Using genomic tests, producers can potentially double their rate of genetic gain identifying elite bulls and females at birth, and segregating out those animals that should not be investing their time and resources in.

However, the industry now needs to focus attention on quality assurance, he said.

Wagyu producers were running a “Rolls Royce factory”, but were currently doing so without a quality assurance system in place, he said.

“We have got an enormously powerful animal here to deliver a premium product, there is no doubt about that, but we don’t have the engine control unit in that motor finely tuned, so we have got to really work on that component on it.

“Wagyu is a premium product and it needs a quality assurance framework.

“Commodity beef in Australia has a quality assurance framework, it has MSA.

“We don’t have a quality assurance framework but we’re driving a formula one, and that is a key area we have to have a look at.”

Can feedlot capacity keep pace?

One potential limiting factor for the industry as it continues to grow is the question of whether there will be enough feedlot capacity to absorb the increasing volumes of Wagyu cattle coming forward.

To achieve market specifications Wagyu cattle must be grain fed.

But is there enough new feedlot capacity coming online to handle all new progeny that will soon be coming through?

AWA chairman Peter Gilmour explained to Beef Central that Australia currently has about 1.2 million head of total feedlot capacity.

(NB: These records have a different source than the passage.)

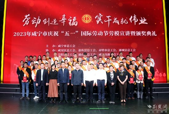 李志強(qiáng)(左三)榮獲咸寧五一勞動(dòng)獎(jiǎng)?wù)?。黃錚 攝
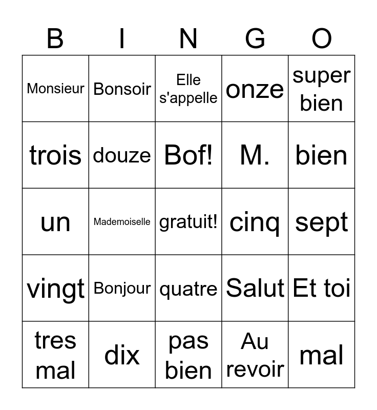 This bingo card has a free space and 24 words: Bonjour, dix, Bof!, tres mal, super bien, Monsieur, trois, Bonsoir, cinq, quatre, M., un, Salut, Et toi, douze, Au revoir, sept, Elle s'appelle, bien, Mademoiselle, mal, vingt, onze and pas bien.
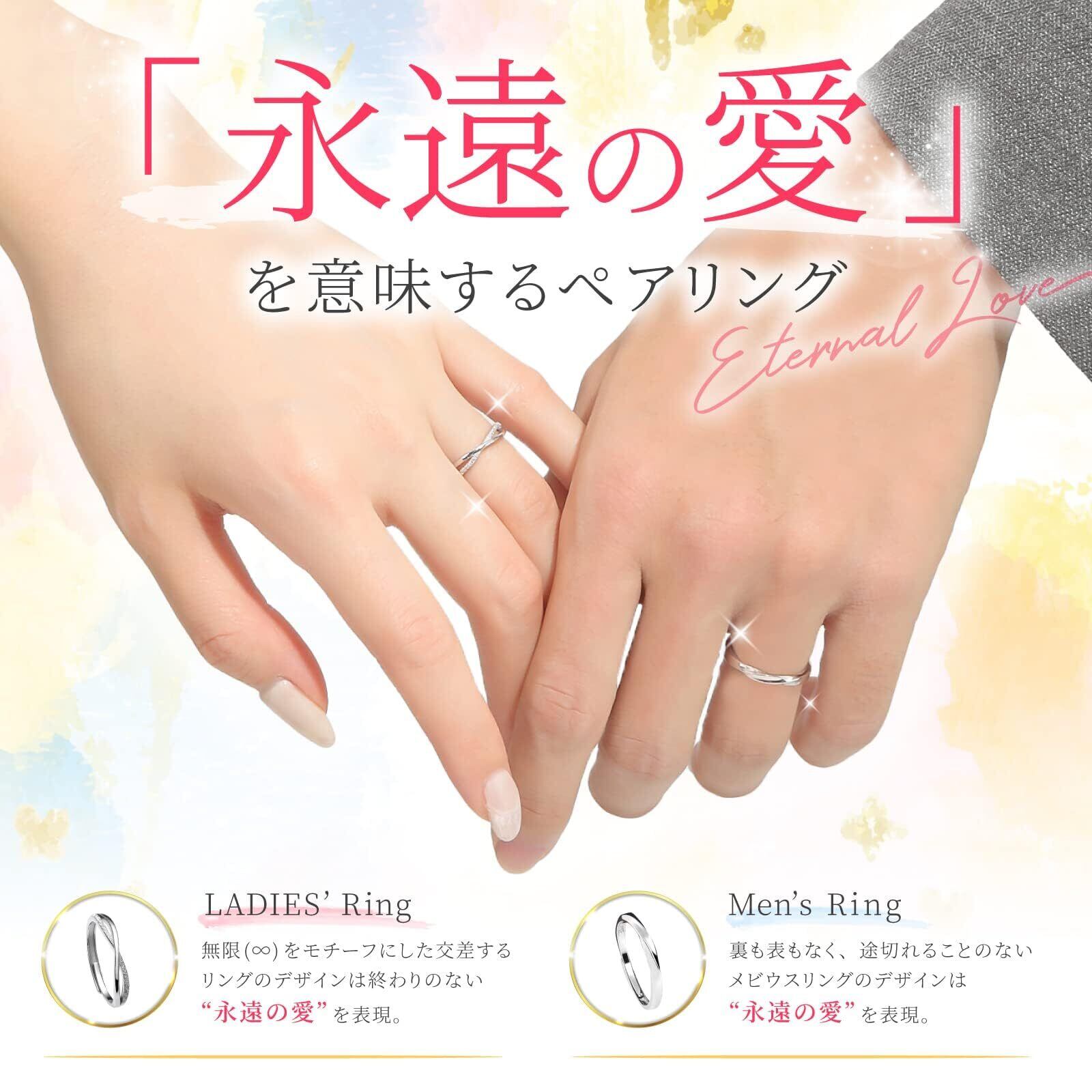 【 「永遠の愛」を意味するペアリング 】 それぞれのリングは永遠に続く愛をモチーフにしたデザイン。メンズリングは、裏も表もなく途切れることのないメビウスリング(メビウスの輪)をモチーフにして"永遠の愛"を表現。レディースリングは無限∞をモチーフにした交差するリングのデザインで、終わりのない"永遠の愛"を表現しています。ペアルックにぴったりのリングです。
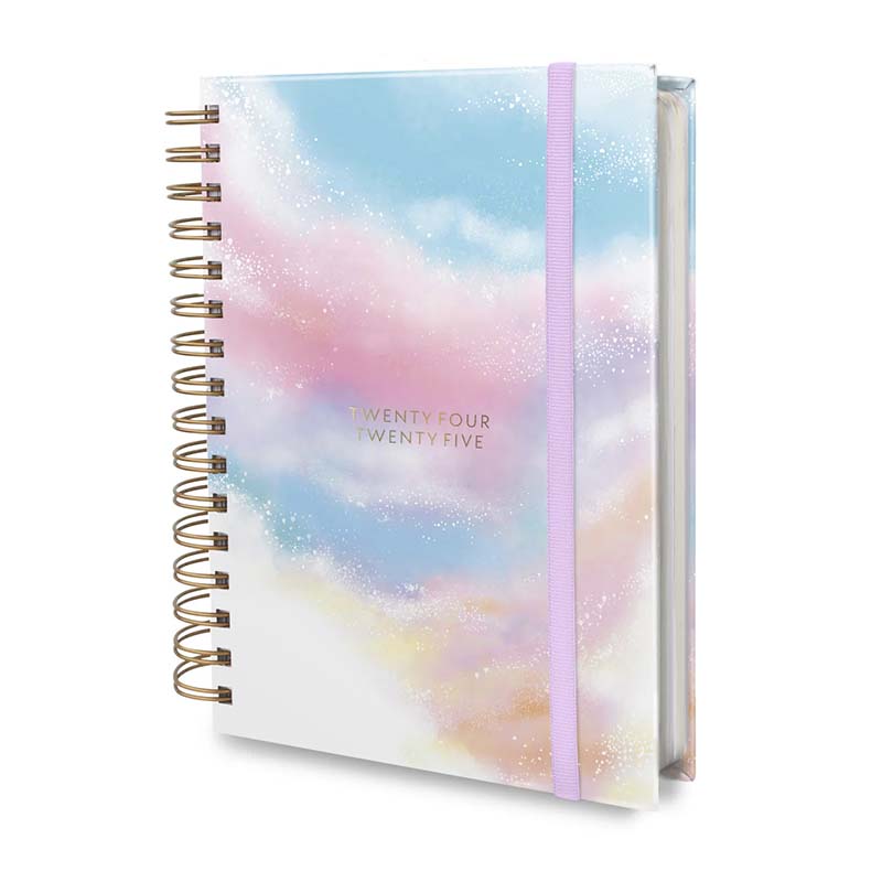 - Elastic band to keep the diary closed and 1 ribbon to mark pages.
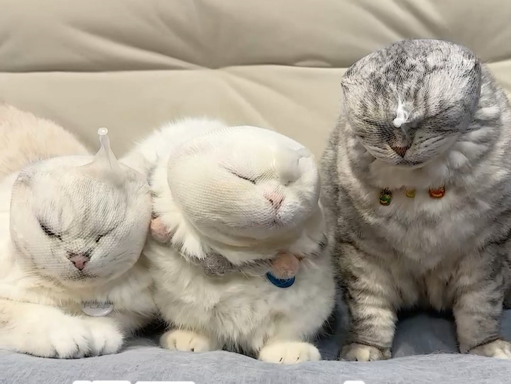 Bathe 3 cats at home at the same time to see who is the best behaved?
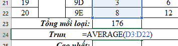 - Trung bình: (nhập vào ô D24) = AVEGARE(D3:D22), tương tự các cột E và F.
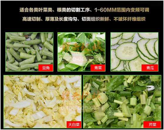 在凈菜加工中,切菜機的應(yīng)用必不可少。由于市場多樣化的需求,以及整體搭配的要求,凈菜需要呈現(xiàn)多種形態(tài),如片、絲、丁、條等,這就對切菜師傅的刀工以及速度有一定的要求。目前,市場上的花式多功能切菜機可切片、切絲、切條、切角塊、切丁、切斜片、切球、切厚、切薄等均可調(diào),同時使被切蔬菜加工面平整光滑、規(guī)則、組織完好、保持手工切制效果,并且保證凈菜符合國家對食品衛(wèi)生的需求。
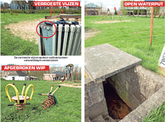 De speelpleintjes in de Urnestraat in Velzeke en aan de kerk in Erwetegem liggen bezaaid met huisvuil en houtafval maar het gevaarlijkst is het op het speelpleintje, of wat daar nog van overschiet, in Oombergen. De schommel kan nog door de beugel en ook de wip ziet er veilig uit maar wie de glijbaan afwil, trekt maar best een dikke lange broek aan, want je zou wel eens een lelijke schaafwonde kunnen oplopen door het gat halfweg de glijbaan. Een spelletje petanque spelen terwijl je kinderen zich amuseren, lukt daar ook niet meer want de twee petanqueterreinen liggen er verloederd bij en zijn overwoekerd met onkruid. Plots vallen onze ogen er op een open riool. Via een trap beland je ondergronds waar je in een waterput dreigt te vallen. Die is er volgens omwonenden altijd al geweest en nog nooit is er een ongeval gebeurd. Maar daar zitten ouders uiteraard niet op te wachten alvorens de riool wordt afgesloten.

Early survey results suggest that by 2021, there could be as many as 1.2 million head of breeding cattle producing Wagyu progeny in Australia.

“Right now we think Wagyu cattle account for 10-15pc of national feedlot capacity,” Mr Gilmour said.

“Not all feedlots can just switch on and go long fed, they have to have shade, and they have got their short-fed markets

‘Feedlot capacity is both the elephant in the room, and the opportunity in the room’

“Feedlot capacity is both the elephant in the room, and the opportunity in the room.

“We have been engaging with the Australian Lot Feeders Association on this to say, look, this is coming, is the industry ready, is the industry talking about being ready.”

Mr Gilmour said there was evidence of growth in feedlot infrastructure occurring, but whether that growth is keeping pace with current joinings remains a key question.

During the conference a panel of industry experts was also asked if there will be enough feedlot capacity to feed future progeny.

Rangers Valley’s marketing manager Andrew Moore said he believed the market would adjust to accommodate growing numbers.

“If it is profitable for everyone in the supply chain, the infrastructure will be built.

“People will either take less profitable cattle out of the feedlot system and put Wagyu cattle in, or they will work out a way to do it. I think it will work itself out.”